_Problem description_
Copy the data verbatim and leave out every picture.

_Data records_
--- --- ---

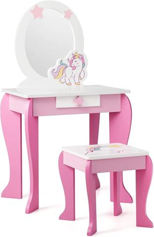 COSTWAY Coiffeuse pour Enfant Table de Maquillage avec Tabouret, Miroir Détachable et 1 Tiroir de Rangement Style Princesse Jeu d'Imitation pour Filles (Rose) : Amazon.com.be: Cuisine et maison
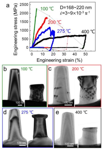 上述发现表明,微纳米尺寸的金属在适当的变形速率和温度下,可以拥有与半固态金属相媲美的优异变形能力。长距离扩散特性可用于加强加载点附近(至少在微米范围内)的金属/氧化物界面,或在不明显改变表面形态或表面尺寸的情况下调整柱子的长度,这在光学纳米柱阵列等器件上具有重要的潜在应用价值。
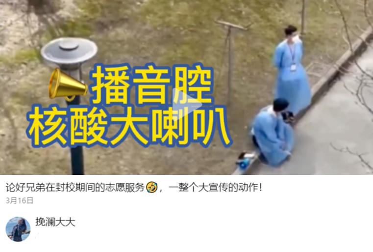 “疫情就是命令,防控就是责任。”爱国主义、集体主义、社会主义的精神,是师大人深入肌理的灵魂,也是新时代青年的内在诠释。在党组织的号召下,基于强烈的责任意识,我加入到学校抗疫志愿服务中,负责核酸检测现场拍摄、楼层送餐和应急物资递送等工作。
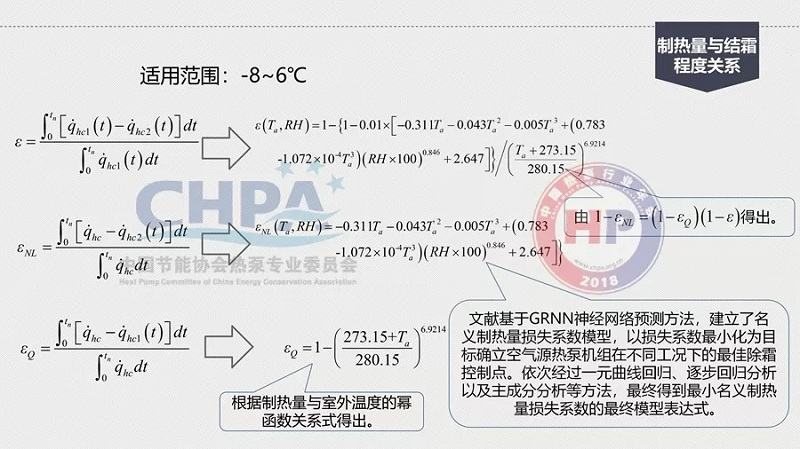 在-15℃到-8℃數(shù)學(xué)模式的圖上可以看到,結(jié)霜的損失系數(shù)用一個(gè)符號(hào)來代表,結(jié)霜的損失一定影響了它的名義制熱量,所以,它有一個(gè)損失系數(shù),會(huì)影響到整個(gè)制熱量的衰減。有了數(shù)學(xué)模型就可用進(jìn)行數(shù)學(xué)計(jì)算,去解決這樣的物理現(xiàn)象。
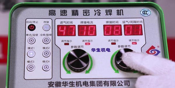 4、调节参数:根据焊接材料选择焊接模式,调节电流和时间。

--- --- ---

_Written solution_
 COSTWAY Coiffeuse pour Enfant Table de Maquillage avec Tabouret, Miroir Détachable et 1 Tiroir de Rangement Style Princesse Jeu d'Imitation pour Filles (Rose) : Amazon.com.be: Cuisine et maison
 上述发现表明,微纳米尺寸的金属在适当的变形速率和温度下,可以拥有与半固态金属相媲美的优异变形能力。长距离扩散特性可用于加强加载点附近(至少在微米范围内)的金属/氧化物界面,或在不明显改变表面形态或表面尺寸的情况下调整柱子的长度,这在光学纳米柱阵列等器件上具有重要的潜在应用价值。
 “疫情就是命令,防控就是责任。”爱国主义、集体主义、社会主义的精神,是师大人深入肌理的灵魂,也是新时代青年的内在诠释。在党组织的号召下,基于强烈的责任意识,我加入到学校抗疫志愿服务中,负责核酸检测现场拍摄、楼层送餐和应急物资递送等工作。
 在-15℃到-8℃數(shù)學(xué)模式的圖上可以看到,結(jié)霜的損失系數(shù)用一個(gè)符號(hào)來代表,結(jié)霜的損失一定影響了它的名義制熱量,所以,它有一個(gè)損失系數(shù),會(huì)影響到整個(gè)制熱量的衰減。有了數(shù)學(xué)模型就可用進(jìn)行數(shù)學(xué)計(jì)算,去解決這樣的物理現(xiàn)象。
 4、调节参数:根据焊接材料选择焊接模式,调节电流和时间。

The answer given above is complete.